Je sais que tu crois que l'équipe a pitié de toi. Maisc'est faux, ajoutai-je après une pause.
Sourire en coin de sa part et petit regard me disant « Vraiment ? »
- Bon d'accord, ils ont peut-être un peu pitié, mais ils veulent seulement t'aider à prendre un nouveau départ.
- Pourquoi es-tu venue, Sarah ? Demanda-t-il. Je doute que ce soit juste pour me faire la morale ou me prendre par les sentiments.
- Ce n'est pas drôle, tu devines toujours tout, rétorquai-je dans une moue boudeuse qui le fit rire.
- Alors ?
- Alors quoi ?
- Tu veux vraiment jouer à ça ? Lança-t-il moqueur.

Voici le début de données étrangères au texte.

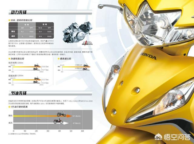 发动机运用了大量的进口配件。 车辆做工精致,用料充足,车辆稳定耐操。3.7升油箱,续航也可达200km。并且有点烟器接口配备。综合性能很强。是泰国人最喜欢的弯梁车。2.新大洲本田 威武110S/T 国四新款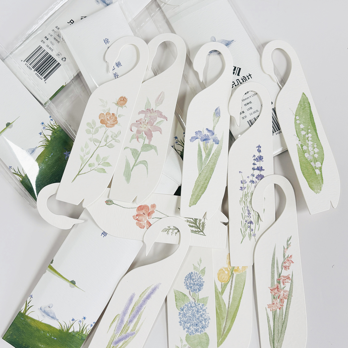 只几设计 | 高颜值创意天鹅颈书签套装 花卉绿色复古文艺便签套装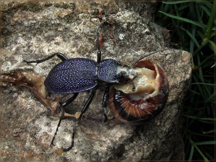 Только тем жужелицы и занимаются, что владения свои инспектируют и дань с улиток в виде самих улиток взимают. Кочуя с одних угодий на другие, жук преодолевает до 2-3 километров в день!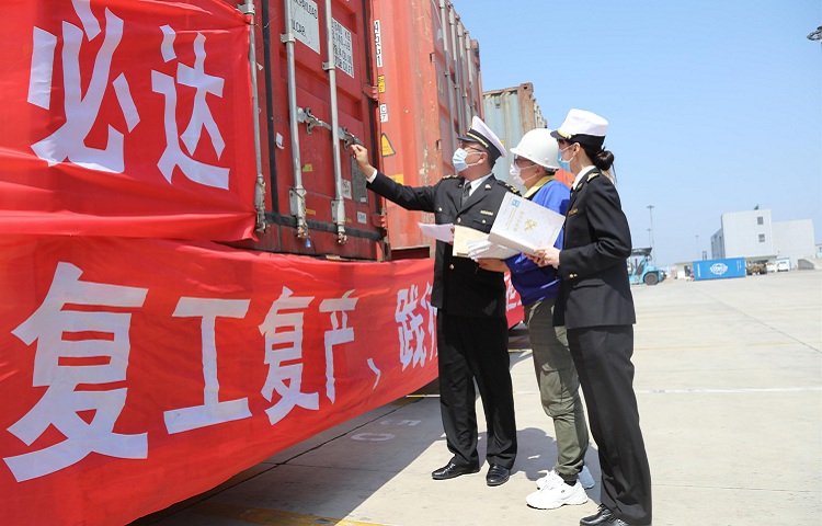 为保障出境国际邮件快速通关,大窑湾海关与港务部门协作开辟临时邮路接驳场所,第一时间完成海关封志和单证验核工作,确保国际邮件顺利装船出境。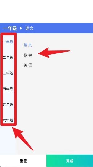 选择对应的年级与学科后,便能筛选出所需的教学内容,系统支持从一年级到六年级的科目分类查找功能。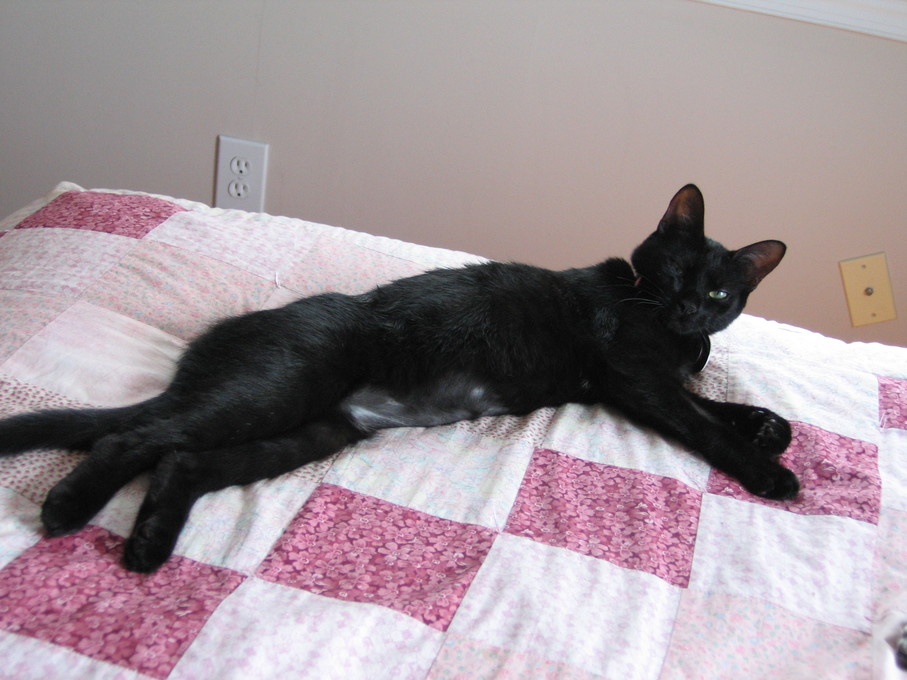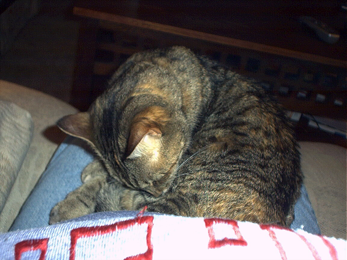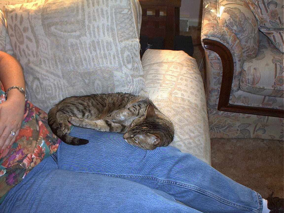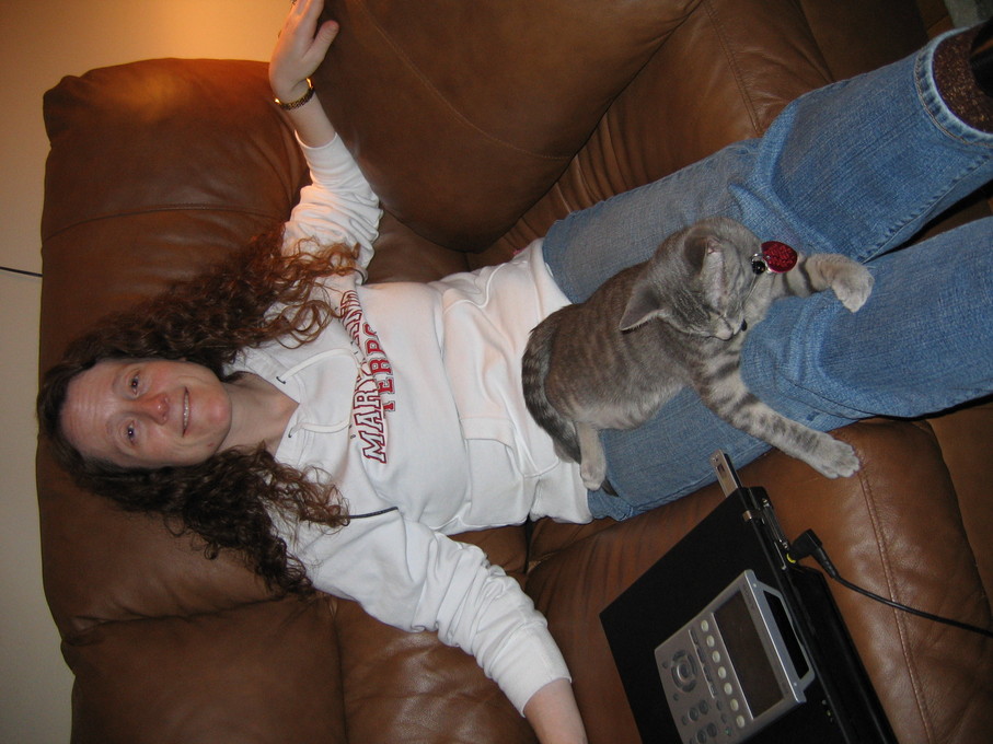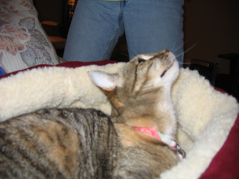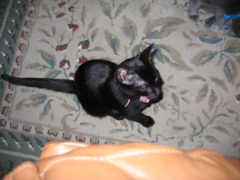 Electra cleaning herself on my lap

- Bon d'accord, inutile que tu rentres dans ma tête. Demain c'est le réveillon de Noël. Maman a invité l'équipe pour l'apéritif et je sais qu'elle aimerait que tu sois là. Ces derniers mois ont été difficiles pour elle.

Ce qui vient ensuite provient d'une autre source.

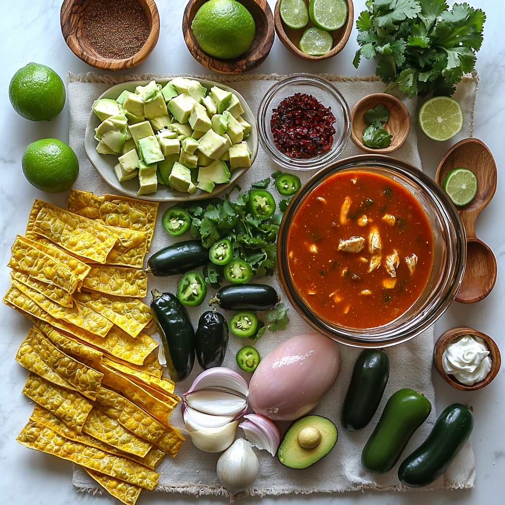• Optional toppings: Lime wedges, tortilla chip strips or freshly fried tortilla strips, diced green onions, chopped fresh cilantro, diced avocado, crumbled queso fresco, and sour cream, all for personalized finishing touches.
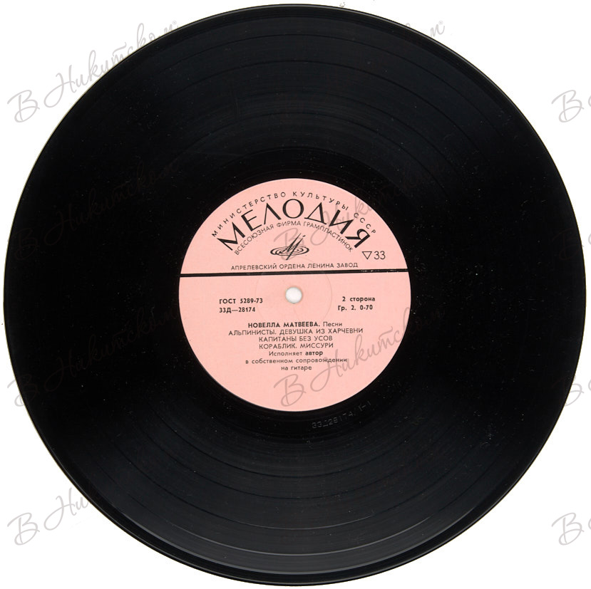 Пластинка в конверте. Размер конверта: 26 х 26 см. На задней сторонке конверта дарственная надпись: «Милой / Надежде Дементьевой / от исполнителя / Н. Матвеева. / 23 марта 1980 г.».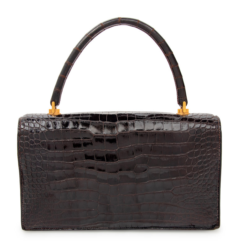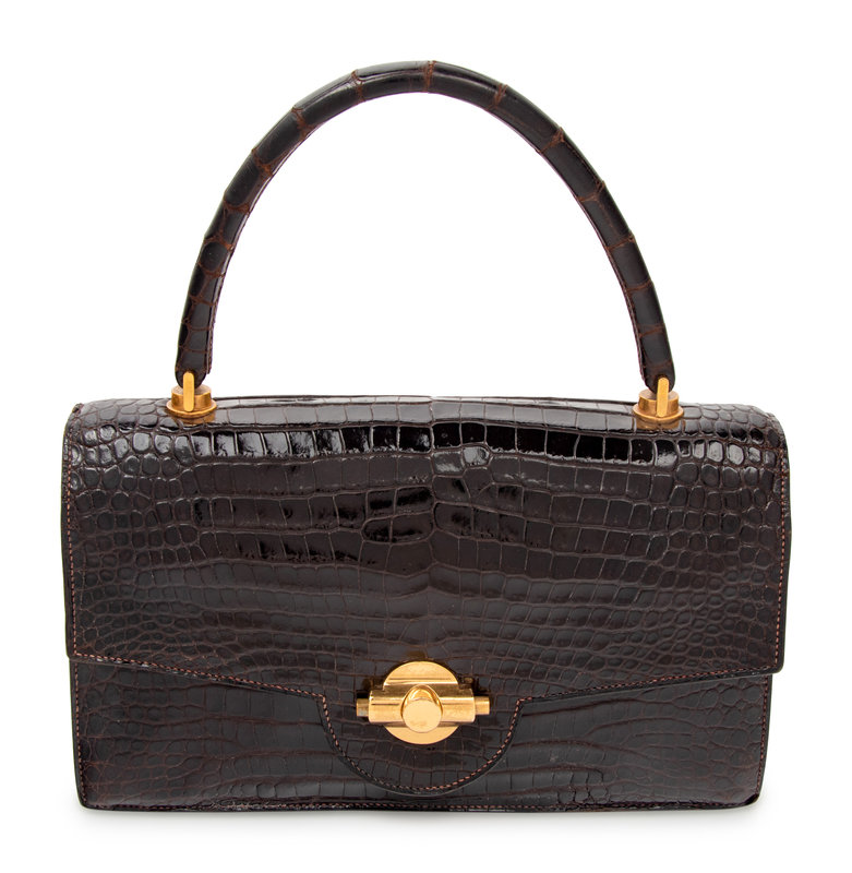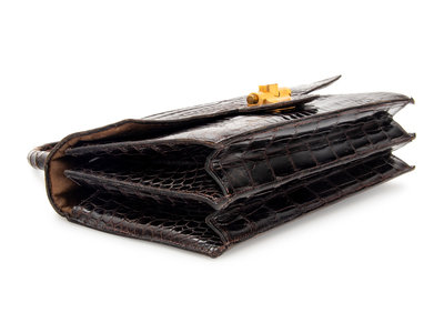 Hermès Sac Torpedo handbag in chocolate brown crocodile.

- Sarah, je… je ne suis pas sûr de pouvoir faire ça. Je ne fête plus Noël depuis que…
- Oui je suis au courant, mais tu peux essayer. Red John est mort, tu ne dois plus y penser !
A cet instant, je sus que j'avais fait une erreur. Son regard changea, me transperça, et l'homme souriant laissa place à un homme détruit par la douleur.
- Ne plus y penser ? Mais c'est là tout le problème ! Comment veux-tu que je tire un trait sur ce qui est arrivé ce soir-là ?! Comment oublier que les personnes auxquelles je tenais le plus sont mortes à cause de moi ? C'est impossible ! Tout simplement impossible !
Il n'avait pas vraiment crié, il n'y avait pas non plus de réelle colère dans sa voix, surtout de la souffrance, de l'impuissance. Red John était mort mais sa culpabilité injustement ressentie ne s'était pas éteinte.
- Tu n'es pas responsable, Jane. Et aujourd'hui, tu as la chance d'avoir des gens qui tiennent à toi, qui ont besoin de toi. Je ne te demande pas d'oublier, juste de faire une place dans ta vie à ceux qui sont encore là pour toi.
Voyant qu'il ne répondait pas, je m'approchai finalement de la porte. « Si jamais tu changes d'avis, la soirée commence à 19 heures » lançai-je sans me retourner, et sortis.